━━ Data excerpts ━━

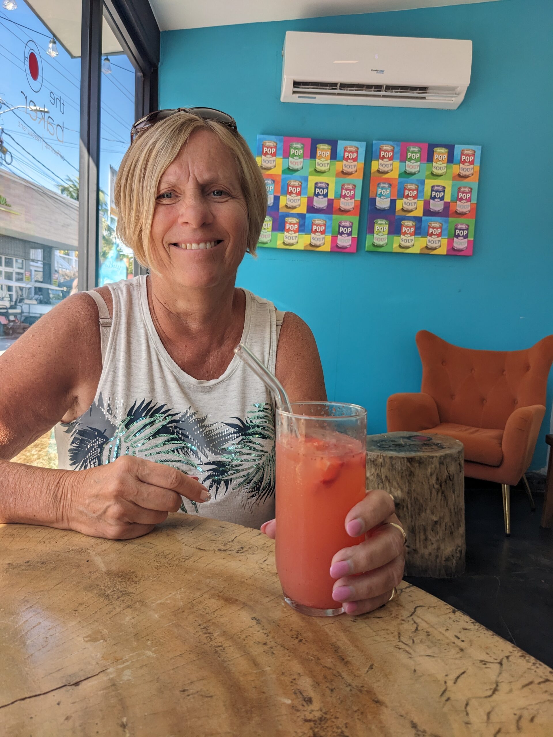 Upon leaving the beach we went to “The Baker” bakery/restaraunt that we have visited before. This is the place with the cool mural on the wall. Today I got the chicken nachos. They were outstanding!! Some of the best nachos I’ve had at a restaraunt ever! In fact, it is now almost 11:30p.m. and I still feel full from the great meal I ate at 3:00. The owner swung by our table many times and offered us to try some free drink concoctions they were making for a photo shoot. The first one had Bailey’s, Guiness, Condensed Milk and Nutmeg. I didn’t like that one so much. It had too much nutmeg in it. The second drink had strawberry, soda water, and mint and I thought that was very good. It is a drink I would order.
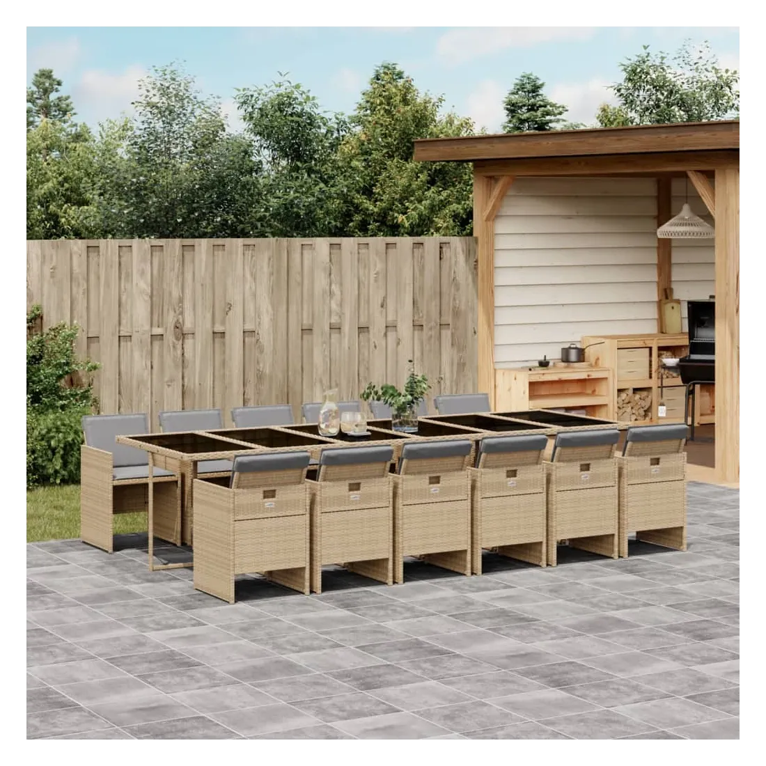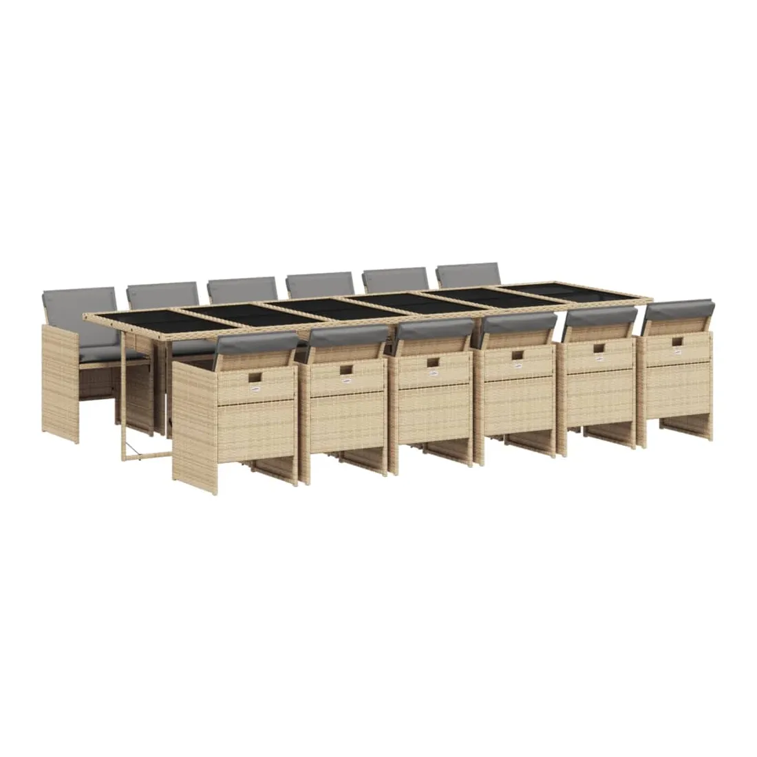 Ensemble à manger de jardin coussins 13 pcs mélange beige rotin
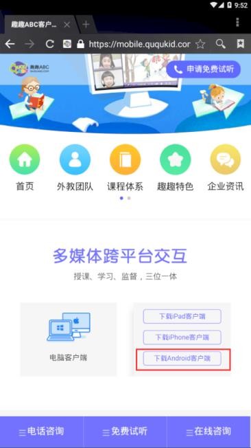 3.選擇移動客戶端,單擊下載 Android 客戶端(下圖一),界面彈出跳轉到應該商店提示(下圖二),點擊確認,跳轉到應用商店(下圖三),點擊普通下載按鈕,即可下載趣趣ABC Android 客戶端。
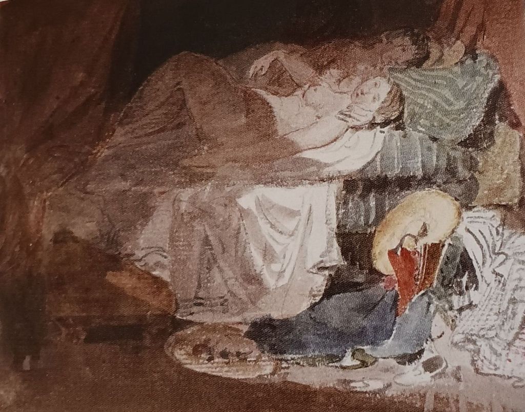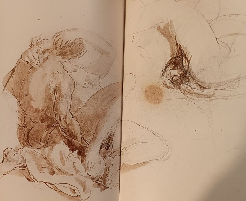 But we make this assumption at our peril. Indeed, not all the graphic work exhibited in this book, all taken from the sketchbooks Turner used to capture the imagery that he would later use in his paintings, can truly be said to be ‘secret’ or intended to be such. For instance, take the famous watercolour from the ‘Swiss Figures’ sketchbook. Warrell describes the picture as a response to the sexual freedoms Turner at the age of 27 discovered in his travels in Switzerland. Warrell admits that it is not easy to describe the figures on the bed , even indeed down to the sex /gender of the figure at the rear, who is obscured either by the fall of the lighting represented in the room or by a deliberate artistic methodology. Nevertheless, from the off Warrell sees the picture as of ‘two figures, apparently in post-coital abandon’. His later comment about the pale figure nearer the ‘front of the picture that her ‘hand seems to caress something – perhaps his penis’ shows he has little truck with the idea that there are two women in bed here.[1] A rather different view is given of this picture by Turner’s intelligent 2016 biographer, Franny Moyle. She finds ‘post-coital’ atmosphere here too but does not assume is coitus that has been performed by or just by the two figures. She thinks it may be possible that after thruple-sex with the two women represented here – prostitutes – Turner has slipped out of bed to draw the remaining persons, to their delight (or has imagined such a scene).
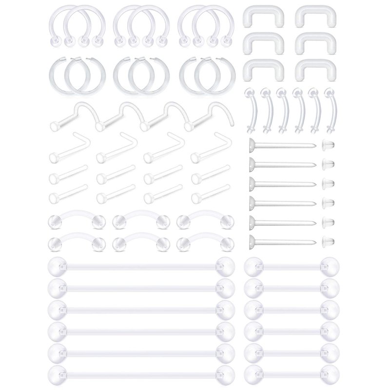- [Total 64pcs] * 16pcs clear nose studs, * 6pcs U shape septum retainer, * 6pcs clear belly rings, * 6pcs clicker nose retainer, * 6pcs horseshoe nose rings hoop retainer, * 6pcs stud earring retainer, * 6pcs clear eyebrow rings, * 6pcs industrial piercing retainer, * 6pcs clear tongue ring
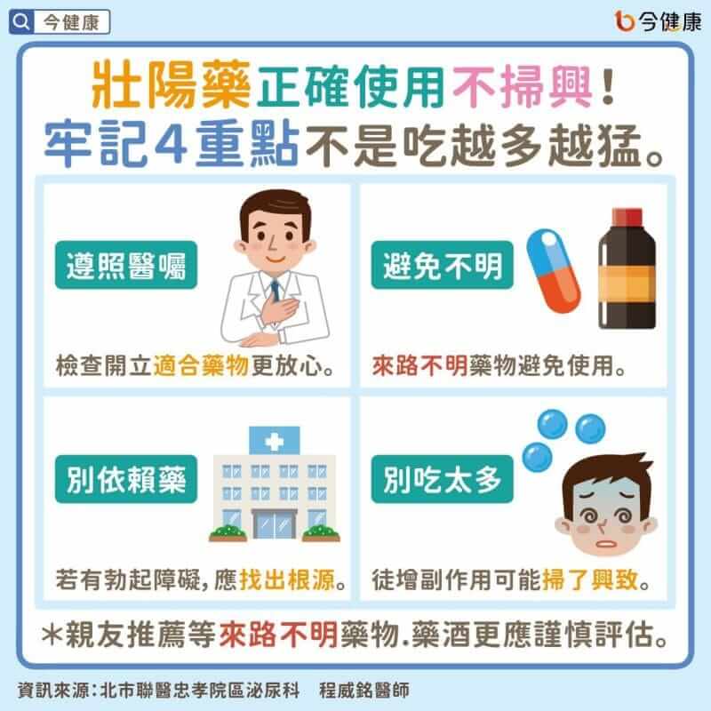 另外,切不要過量服用壯陽藥,按醫師以上藥物皆為處方藥,僅有醫師開立處方箋才可在實體門店領取,不過網路及市面上充斥著許多低價仿冒藥物,應格外小心,切勿上當。

━━━

**What is required:** Please return the data above exactly as it stands from the line with "Ensemble à manger" to the line with "But we make", keeping both of those lines but none of the pictures.

**Finished task:**
 Ensemble à manger de jardin coussins 13 pcs mélange beige rotin
 3.選擇移動客戶端,單擊下載 Android 客戶端(下圖一),界面彈出跳轉到應該商店提示(下圖二),點擊確認,跳轉到應用商店(下圖三),點擊普通下載按鈕,即可下載趣趣ABC Android 客戶端。
 But we make this assumption at our peril. Indeed, not all the graphic work exhibited in this book, all taken from the sketchbooks Turner used to capture the imagery that he would later use in his paintings, can truly be said to be ‘secret’ or intended to be such. For instance, take the famous watercolour from the ‘Swiss Figures’ sketchbook. Warrell describes the picture as a response to the sexual freedoms Turner at the age of 27 discovered in his travels in Switzerland. Warrell admits that it is not easy to describe the figures on the bed , even indeed down to the sex /gender of the figure at the rear, who is obscured either by the fall of the lighting represented in the room or by a deliberate artistic methodology. Nevertheless, from the off Warrell sees the picture as of ‘two figures, apparently in post-coital abandon’. His later comment about the pale figure nearer the ‘front of the picture that her ‘hand seems to caress something – perhaps his penis’ shows he has little truck with the idea that there are two women in bed here.[1] A rather different view is given of this picture by Turner’s intelligent 2016 biographer, Franny Moyle. She finds ‘post-coital’ atmosphere here too but does not assume is coitus that has been performed by or just by the two figures. She thinks it may be possible that after thruple-sex with the two women represented here – prostitutes – Turner has slipped out of bed to draw the remaining persons, to their delight (or has imagined such a scene).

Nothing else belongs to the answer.